Das Gesetz schreibt vor, dass das Schweizer Tiefenlager zu einer zusätzlichen Strahlenbelastung von maximal 0,1 mSv führen darf. Die Sicherheitsanalysen der Nagra zeigen allerdings, dass es zu einer solchen Zusatzbelastung bei Weitem nicht kommen würde – trotz konservativer, also besonders vorsichtiger Annahmen.
Zum Vergleich: Im Schweizer Mittelland liegt die natürliche Radioaktivität etwa bei 0,1 Mikrosievert pro Stunde. Dieser ist man ständig ausgesetzt. Nach 10 Stunden erhält man so eine Dosis von 1 Mikrosievert. Etwa die Hälfte davon hat ihren Ursprung im Weltall und wird kosmische Strahlung genannt. Die andere Hälfte, die terrestrische Strahlung, stammt vom Gestein im Untergrund – eben zum Beispiel von uranhaltigem Granit.
Je nach Wohnort kann die Strahlung von oben oder unten unterschiedlich hoch sein. Wer etwa in Davos wohnt, ist einer stärkeren kosmischen Strahlung ausgesetzt als im Mittelland. Denn in der Höhe ist die schützende Schicht der Atmosphäre dünner.
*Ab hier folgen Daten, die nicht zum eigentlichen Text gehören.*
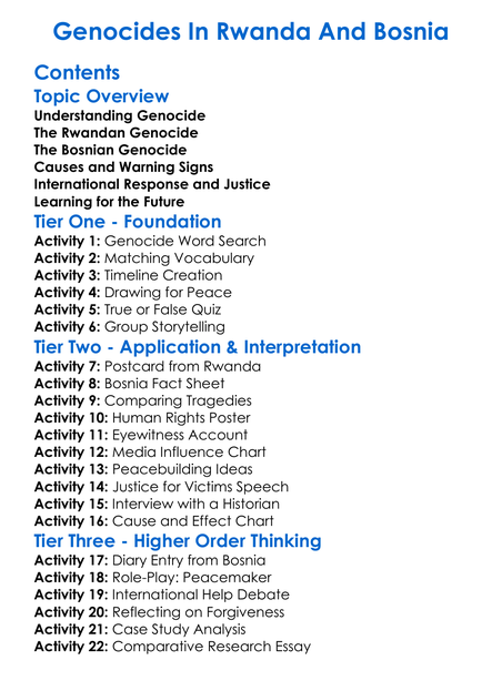 Genocides In Rwanda And Bosnia Worksheet Activity Booklet
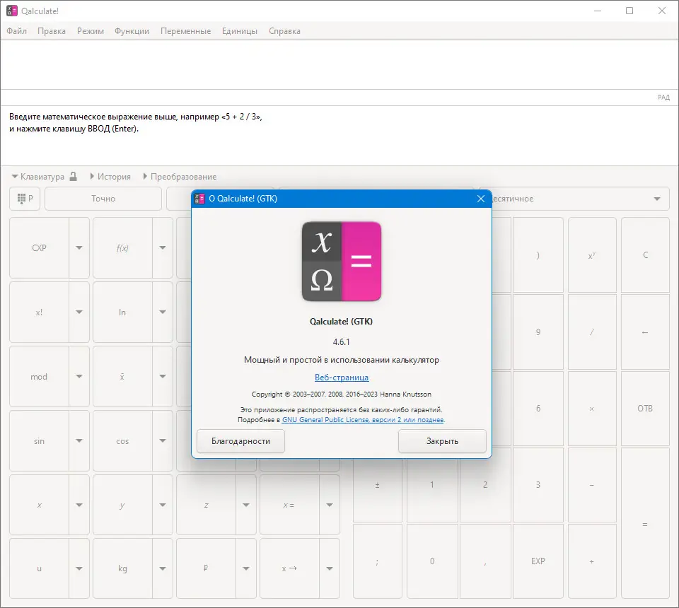 Qalculate! сочетает в себе возможности профессионального математического пакета и удобство повседневного калькулятора.
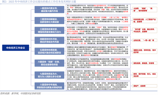 加紧培育壮大新动能,加快高水平科技自立自强预计处于更加重要的位置上。2023年中央经济工作会议强调“培育发展新动能”,2024年指出“必须统筹好培育新动能和更新旧动能的关系,因地制宜发展新质生产力”,2025年“坚持创新驱动,加紧培育壮大新动能”的表述中,突出“加紧”二字,彰显了抢抓新一轮科技革命与产业变革机遇的紧迫感,更是体现了以创新驱动加快发展新质生产力、推动经济高质量发展的政策导向。两会预计强调企业科技创新主体地位,深化科技成果转化机制改革,打造创新引领现代化建设的标杆,2025年中央经济工作会议提出“建设北京(京津冀)、上海(长三角)、粤港澳大湾区国际科技创新中心”。新一轮重点产业链高质量发展行动将进一步筑牢现代化产业体系的根基,“人工智能+”将成为新动能的重要引擎。
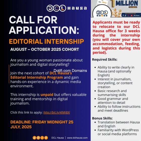 The post Apply : DCL Hausa Editorial Internship Program 2025 appeared first on Advert By Dotifi .Com Domains for almajiri.com.ng | Best African Hausa Music Blog, Entertainment ,News and Gossips .

Locarno im Tessin zum Beispiel ist auf uranhaltigem Gneis gebaut. Daher ist die Strahlung dort um etwa 50 Prozent höher als beispielsweise in Zürich. Hochgerechnet auf ein Jahr hat das eine um rund 0,5 mSv erhöhte Strahlenbelastung zur Folge. Das entspricht dem Fünffachen der gesetzlichen Vorgabe für das geologische Tiefenlager.